Provided material:
== Segment start ==

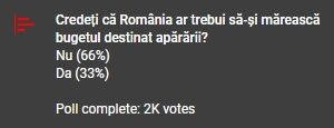 Întrebarea poll-ului de miercuri seară, de la emisiunea „Marius Tucă Show”, a fost următoarea: „Credeți că România ar trebui să-și mărească bugetul destinat apărării?” Majoritatea respondenților (66%) a apreciat că nu, în timp ce 33% sunt de părere că ar trebui.
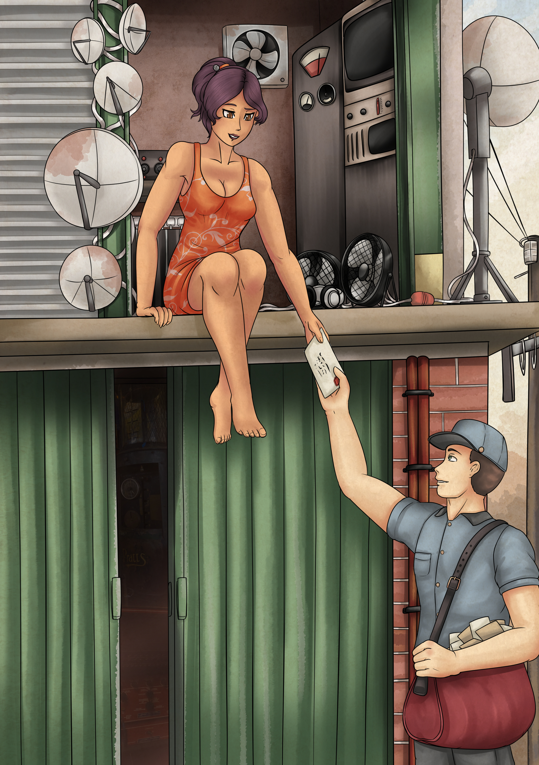 2022 – Manga Jiman Poster: As 1st place winner of the 2021 Manga Jiman competition I was given the job of producing an illustration to advertise the 2022 competition and it’s theme of Connect. I approached this piece in the same way as I would with a manga for a competition, having an image that tells a story both with the characters and the background. Set possibly in an alternative future, a woman works alone in a tower full of communication technology; probably one of many scattered around the country. This technology keeps people connected, but her source of human contact is the local postman, delivering her mail during one of her breaks. This brought together many of the themes I explored in previous Jiman works too.
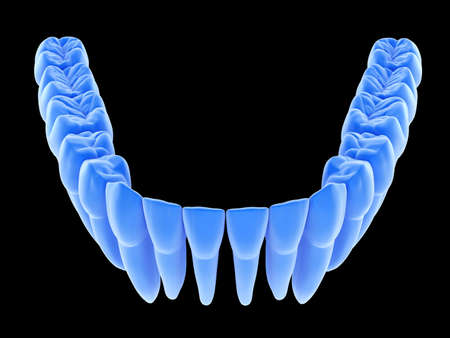 Dental Anatomy of mandibular human gum and teeth, x-ray view. Medically accurate tooth 3D illustration
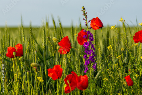 © pfongabe33, Obraz premium bunch of poppies in a wheat field field

== Segment end ==

Task details: Retype the listing exactly. Leave the pictures out.

Finished exercise:
 Întrebarea poll-ului de miercuri seară, de la emisiunea „Marius Tucă Show”, a fost următoarea: „Credeți că România ar trebui să-și mărească bugetul destinat apărării?” Majoritatea respondenților (66%) a apreciat că nu, în timp ce 33% sunt de părere că ar trebui.
 2022 – Manga Jiman Poster: As 1st place winner of the 2021 Manga Jiman competition I was given the job of producing an illustration to advertise the 2022 competition and it’s theme of Connect. I approached this piece in the same way as I would with a manga for a competition, having an image that tells a story both with the characters and the background. Set possibly in an alternative future, a woman works alone in a tower full of communication technology; probably one of many scattered around the country. This technology keeps people connected, but her source of human contact is the local postman, delivering her mail during one of her breaks. This brought together many of the themes I explored in previous Jiman works too.
 Dental Anatomy of mandibular human gum and teeth, x-ray view. Medically accurate tooth 3D illustration
 © pfongabe33, Obraz premium bunch of poppies in a wheat field field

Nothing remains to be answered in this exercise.